_REQUIRED ACTION_
From the records below, please repeat exactly the line that has "這2日地震發生時你的手機警報", the line that has "Style it with", and every line between them, and nothing else.

(Stored records)
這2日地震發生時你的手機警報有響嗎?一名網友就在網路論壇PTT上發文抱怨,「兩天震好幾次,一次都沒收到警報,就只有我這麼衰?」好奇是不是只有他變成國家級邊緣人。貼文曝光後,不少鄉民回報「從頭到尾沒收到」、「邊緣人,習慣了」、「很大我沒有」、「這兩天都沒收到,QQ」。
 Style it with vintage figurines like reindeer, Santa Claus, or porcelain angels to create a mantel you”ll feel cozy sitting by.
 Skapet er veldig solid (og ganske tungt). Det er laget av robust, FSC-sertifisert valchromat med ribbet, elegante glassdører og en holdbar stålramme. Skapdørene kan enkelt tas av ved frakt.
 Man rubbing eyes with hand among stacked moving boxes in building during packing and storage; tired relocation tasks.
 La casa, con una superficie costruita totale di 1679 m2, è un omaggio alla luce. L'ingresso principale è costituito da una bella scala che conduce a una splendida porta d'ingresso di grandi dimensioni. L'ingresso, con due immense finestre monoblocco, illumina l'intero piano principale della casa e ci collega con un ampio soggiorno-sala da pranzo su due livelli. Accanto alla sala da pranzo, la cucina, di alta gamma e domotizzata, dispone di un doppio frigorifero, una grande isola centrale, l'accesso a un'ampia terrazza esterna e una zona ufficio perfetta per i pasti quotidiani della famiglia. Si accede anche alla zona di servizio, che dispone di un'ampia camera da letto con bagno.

...

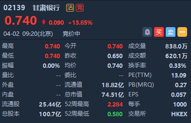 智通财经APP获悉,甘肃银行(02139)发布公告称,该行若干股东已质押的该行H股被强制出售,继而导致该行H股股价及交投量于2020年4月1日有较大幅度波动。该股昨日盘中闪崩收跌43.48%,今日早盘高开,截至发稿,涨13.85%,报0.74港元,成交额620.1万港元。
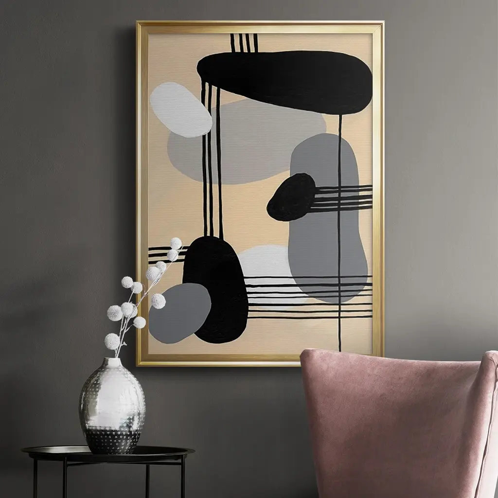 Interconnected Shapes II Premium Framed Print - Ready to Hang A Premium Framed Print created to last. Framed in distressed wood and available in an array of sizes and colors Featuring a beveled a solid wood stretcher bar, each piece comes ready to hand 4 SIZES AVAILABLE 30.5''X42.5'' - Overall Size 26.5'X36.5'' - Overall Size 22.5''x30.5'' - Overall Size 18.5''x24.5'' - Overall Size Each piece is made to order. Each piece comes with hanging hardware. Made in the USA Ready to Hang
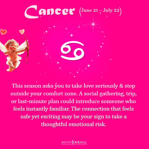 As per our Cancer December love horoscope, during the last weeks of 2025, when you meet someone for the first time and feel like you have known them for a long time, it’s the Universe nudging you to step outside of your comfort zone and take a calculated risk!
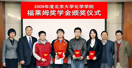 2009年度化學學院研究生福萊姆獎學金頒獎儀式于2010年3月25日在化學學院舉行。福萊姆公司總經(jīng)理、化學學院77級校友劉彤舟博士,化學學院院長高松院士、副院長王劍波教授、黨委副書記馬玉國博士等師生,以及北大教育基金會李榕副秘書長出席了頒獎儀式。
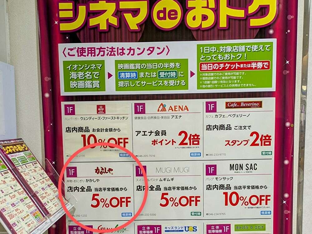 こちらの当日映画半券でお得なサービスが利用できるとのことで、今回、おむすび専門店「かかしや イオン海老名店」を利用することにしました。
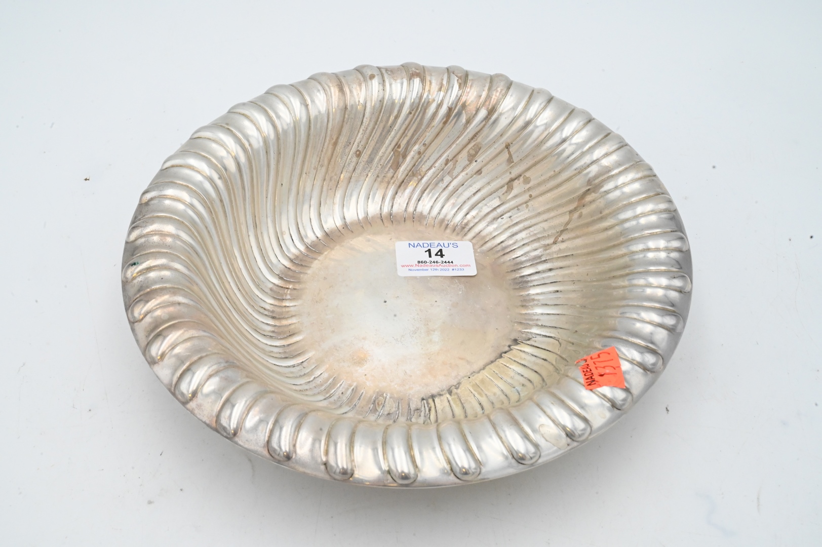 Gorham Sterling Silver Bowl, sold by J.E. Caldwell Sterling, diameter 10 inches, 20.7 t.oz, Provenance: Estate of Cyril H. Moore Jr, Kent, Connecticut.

_RESULT BELOW_
這2日地震發生時你的手機警報有響嗎?一名網友就在網路論壇PTT上發文抱怨,「兩天震好幾次,一次都沒收到警報,就只有我這麼衰?」好奇是不是只有他變成國家級邊緣人。貼文曝光後,不少鄉民回報「從頭到尾沒收到」、「邊緣人,習慣了」、「很大我沒有」、「這兩天都沒收到,QQ」。
 Style it with vintage figurines like reindeer, Santa Claus, or porcelain angels to create a mantel you”ll feel cozy sitting by.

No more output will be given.